→ TASK PROMPT
In the records that follow, find the line containing "وكان الحادث وقع" and the line containing "6月8日(土)から6月23日", then transcribe both and every line between them exactly, omitting pictures.

Source data:

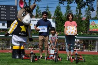 本日は、コンサドーレ札幌DAYとして、AIR-G’高山秀毅氏と野々村芳和氏の競馬&サッカートーク、ドーレくんとじゃんけん&PK対決!などのコラボイベントや、各種体験型・お子様向けイベントなど実施いたしました。高山秀毅氏と野々村芳和氏のトークショーでは、競馬予想や小野伸二選手や元コンサドーレで日本代表の今野泰幸選手について話をしていただき、また、第10競走「コンサドーレ札幌特別」のパドックゲストにご出演いただきました。また、イベント初登場となった三輪車レースでは、お子様から大人の方まで普段では入ることのできないパドックでの特設コースで、白熱したレースが行われ、皆様楽しんでおられました。
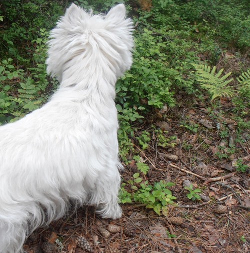 Där hade vi gjort en bana i skogen, och den gick rakt under tvättlinorna.
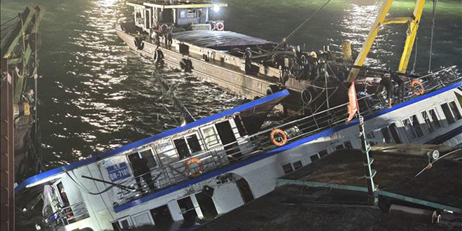 وكان الحادث وقع أمس أثناء قيام السفينة بجولة سياحية على متنها عشرات السياح، إضافة إلى خمسة من أفراد الطاقم.
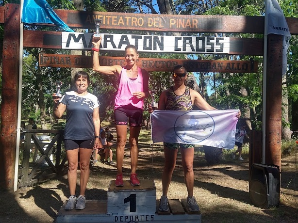 El podio damas con Silvia Bustamente, acompañada por Celeste Aguilar y Maria Aguero
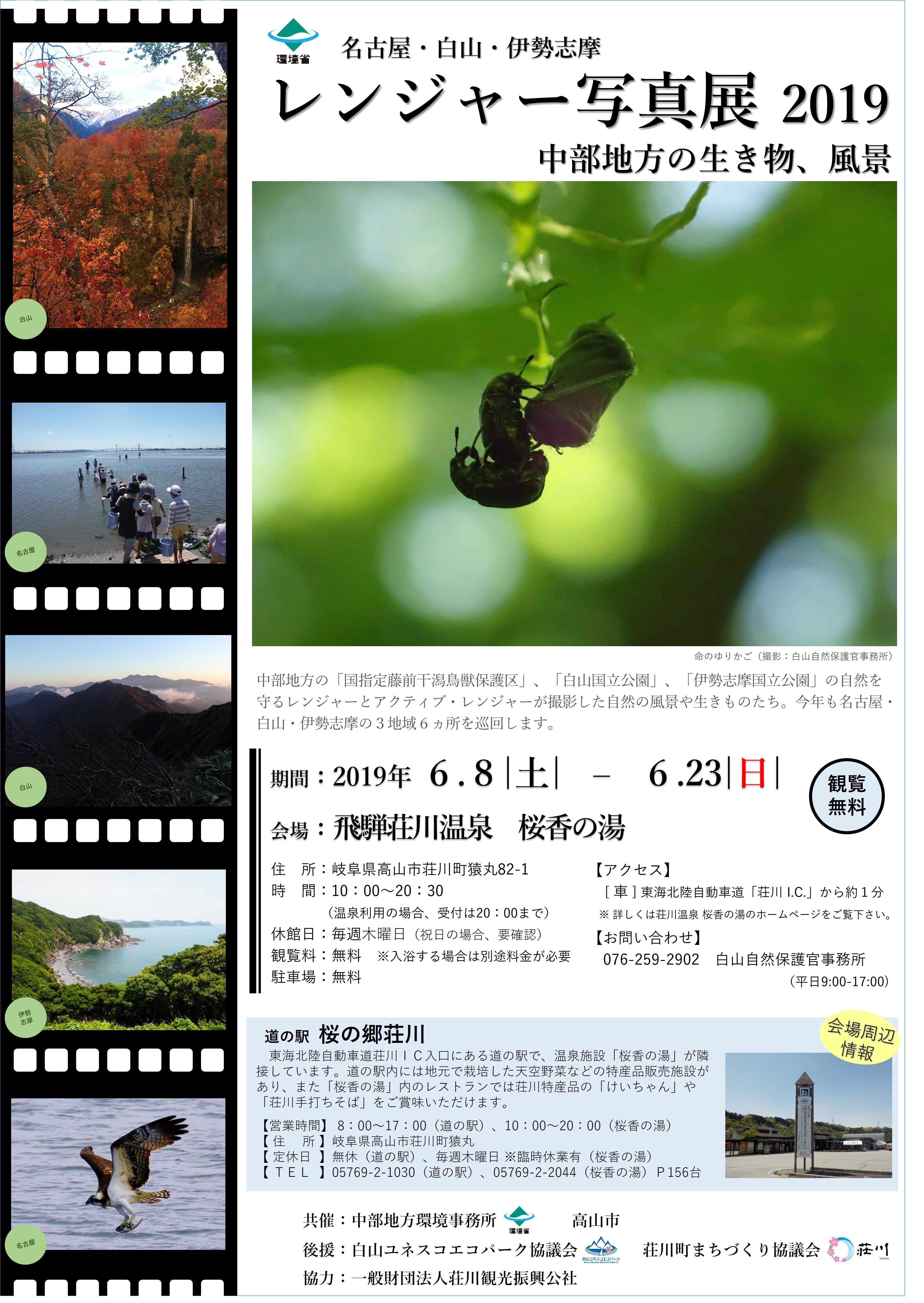 6月8日(土)から6月23日(日)の間、岐阜県高山市荘川町にある「飛騨荘川温泉桜香の湯」で、レンジャー写真展が開催されます♪
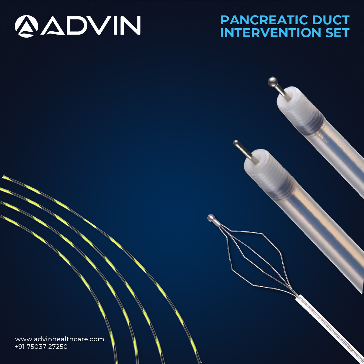 Advin Health Care is globally leading manufacturer and supplier of pancreatic duct intervention sets designed for advanced therapeutic procedures during ERCP. The set includes an ERCP pancreatic basket for stone capture and removal, a guide wire for smooth navigation within the duct, and a needle knife for precise incision and access when required. This combination allows clinicians to perform comprehensive pancreatic interventions with improved control and procedural efficiency. Designed for compatibility with standard ERCP systems, the set ensures reliable performance in managing pancreatic ductal conditions.
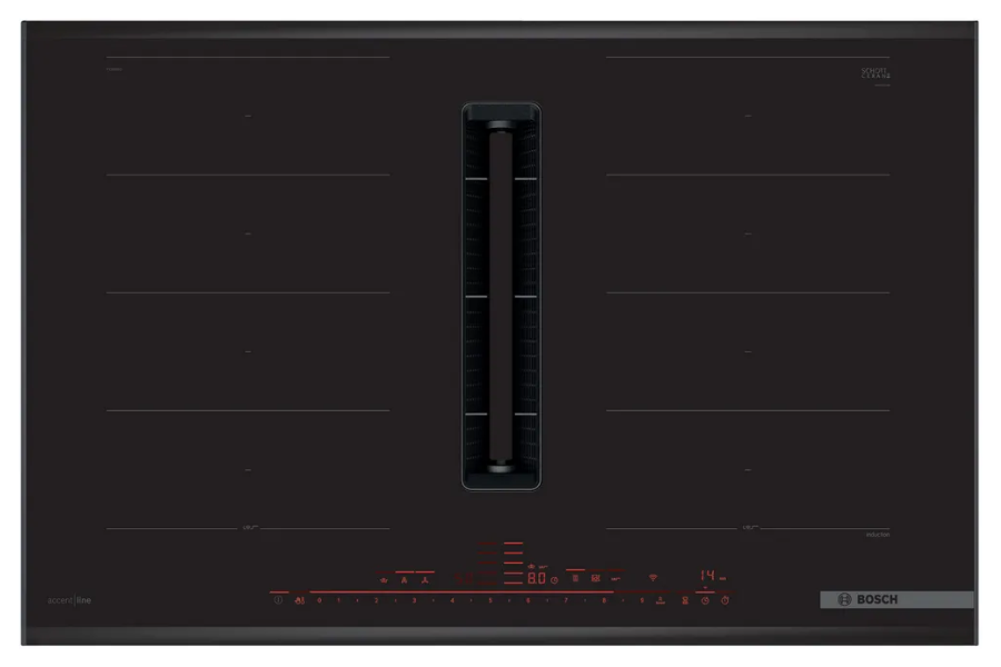 Bosch PXX895D66E sở hữu thiết kế âm bàn đá 80 cm với màu đen sang trọng và khung viền kiểu Accentline, phù hợp với nhiều phong cách bếp hiện đại. Việc kết hợp bếp và hút mùi trong một sản phẩm tạo nên một tổng thể thống nhất, giúp không gian bếp luôn gọn gàng mà vẫn đảm bảo hiệu suất nấu và thông gió tối ưu.
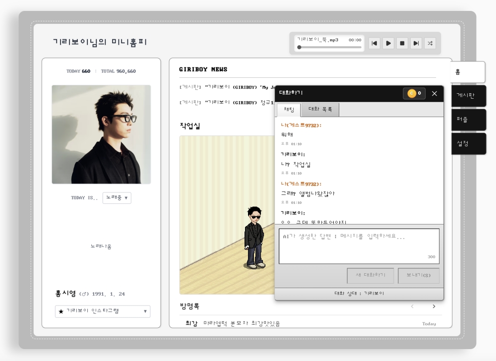 뮤직테크 버시스, AI 온라인 팬미팅 서비스 ‘기리보이님의 미니홈피‘ 론칭
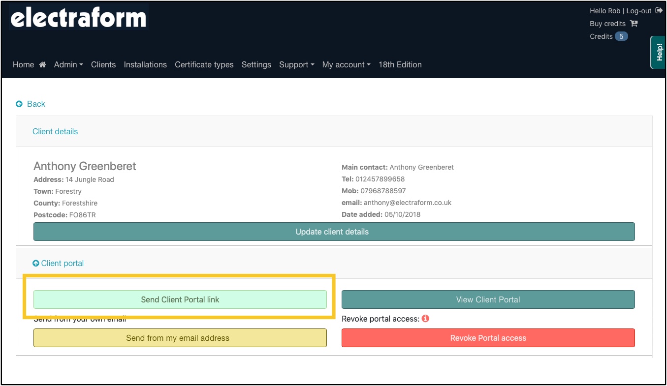 Each client has a unique portal where they can view, download and print completed certificates and reports. To send them their unique link, click the Send Client Portal link button.
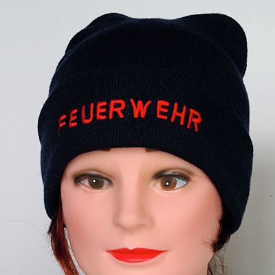 Wollmütze FEUERWEHR in rot bestickt, Farbe marine
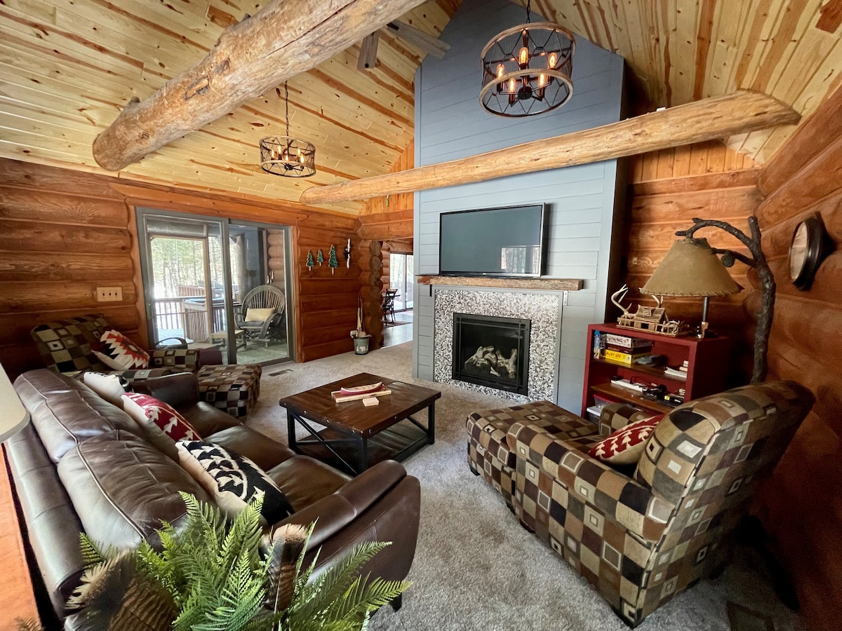 Bem-vindo à nossa cabana de madeira personalizada em 6 acres em Danbury, WI. Esta é uma cabana de 2 quartos, 1,5 banheiro com um quintal amplo e pátio deslumbrante. Possui uma lareira de pedra, fogueira, sofás e mesas de jantar. Esta cabana é privada com florestas exuberantes ao redor e lazer sem fim, como flutuar pelo rio ao sol de verão ou ter uma luta de bolas de neve enquanto os flocos caem no inverno. Não importa a estação, esta cabana é perfeita para a família e amigos se reunirem para desfrutar da companhia uns dos outros!
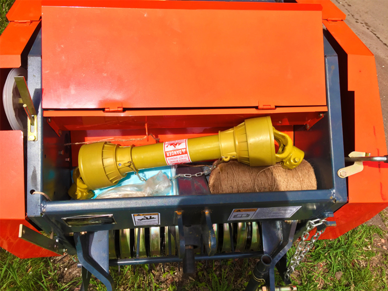 Технические характеристики: Рекомендуемая мощность трактора составляет не менее 20 л.с. Вал отбора мощности (ВОМ) служит для привода рабочего механизма. Этот пресс-подборщик имеет ширину захвата 0,7 м и размеры рулона 0,5 м в диаметре и 0,7 м в длину. Также впечатляет его производительность - от 80 до 120 рулонов в час, а масса рулонов варьируется от 15 до 25 кг.
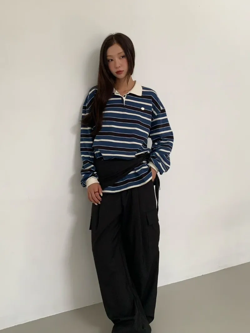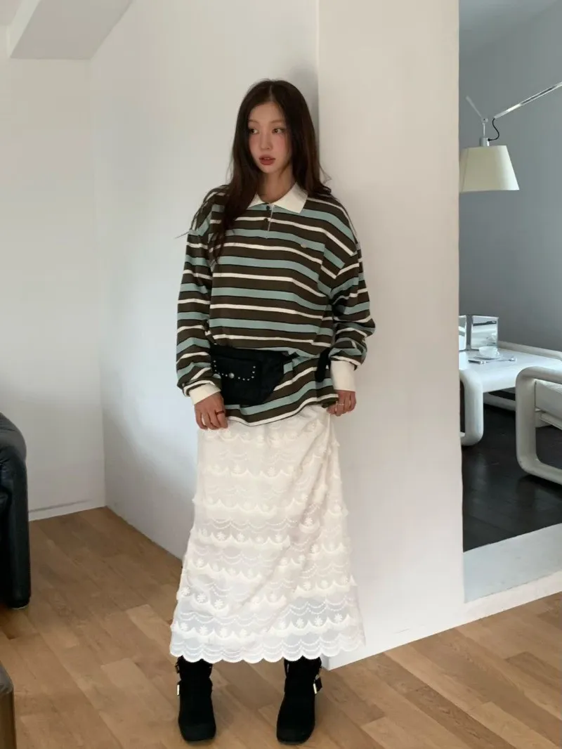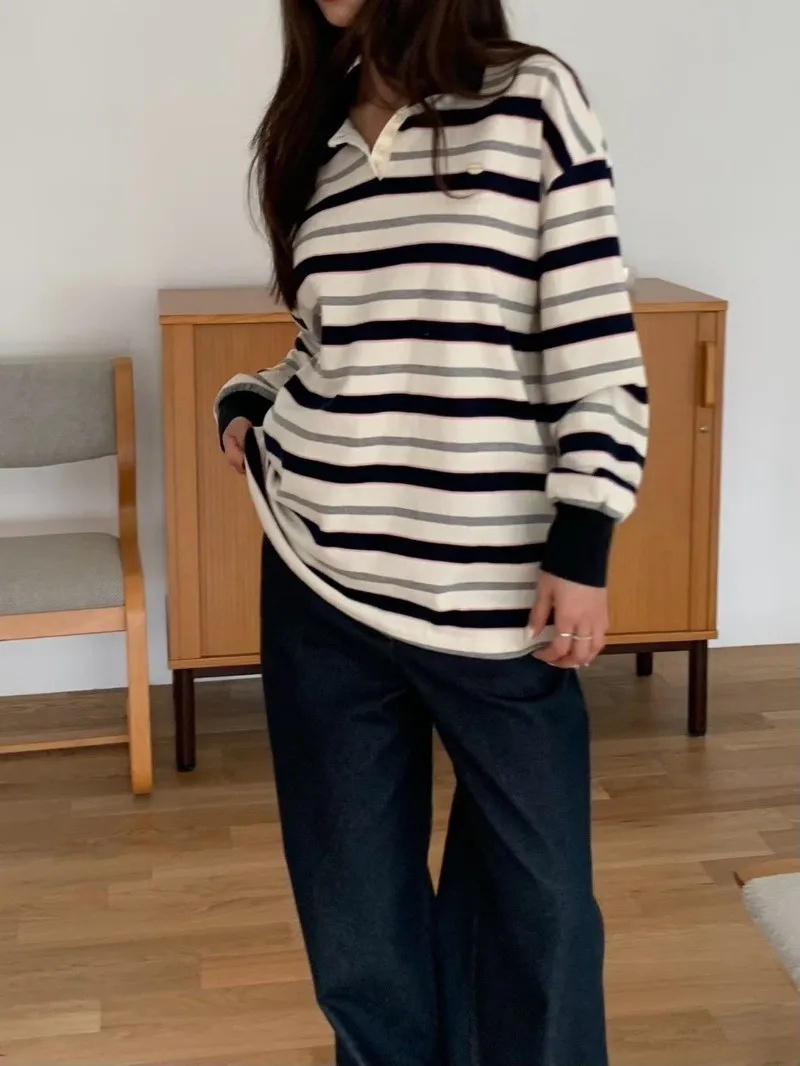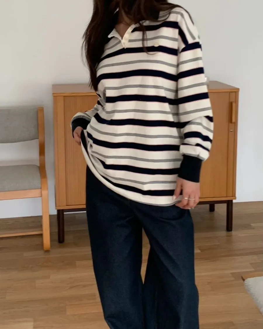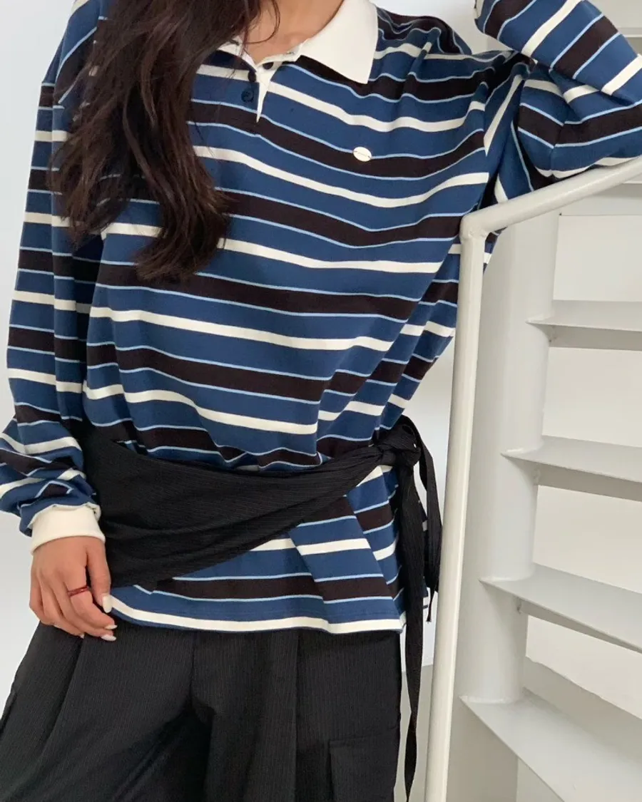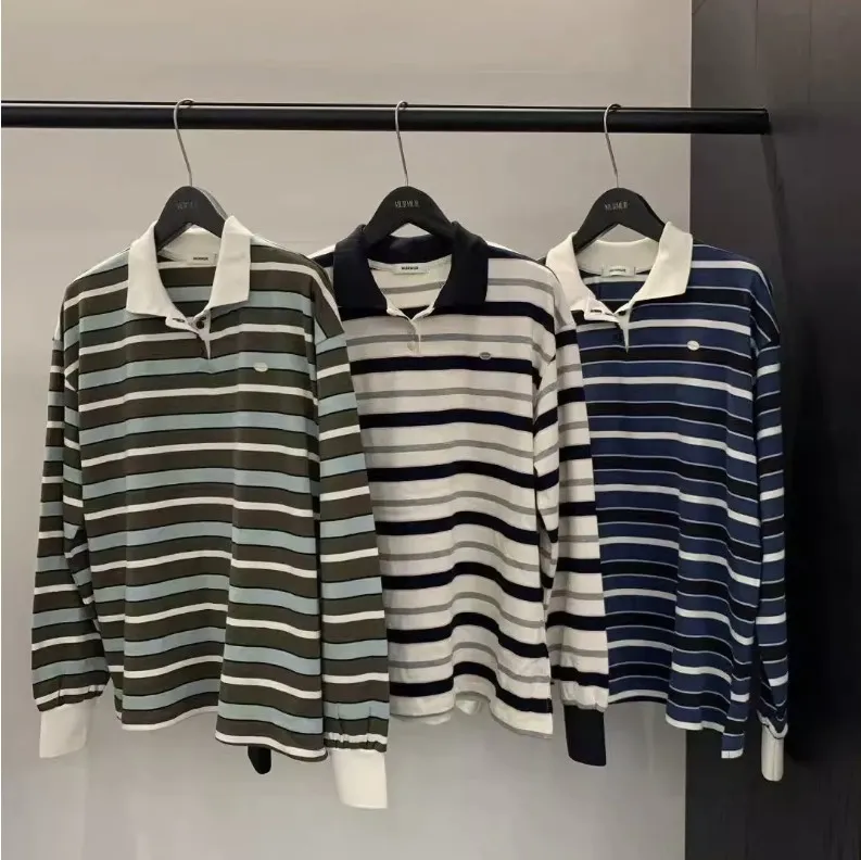 2025秋季新品糖果色條紋翻領半扣中長襯衫

→ EXERCISE RESULT
 وكان الحادث وقع أمس أثناء قيام السفينة بجولة سياحية على متنها عشرات السياح، إضافة إلى خمسة من أفراد الطاقم.
 El podio damas con Silvia Bustamente, acompañada por Celeste Aguilar y Maria Aguero
 6月8日(土)から6月23日(日)の間、岐阜県高山市荘川町にある「飛騨荘川温泉桜香の湯」で、レンジャー写真展が開催されます♪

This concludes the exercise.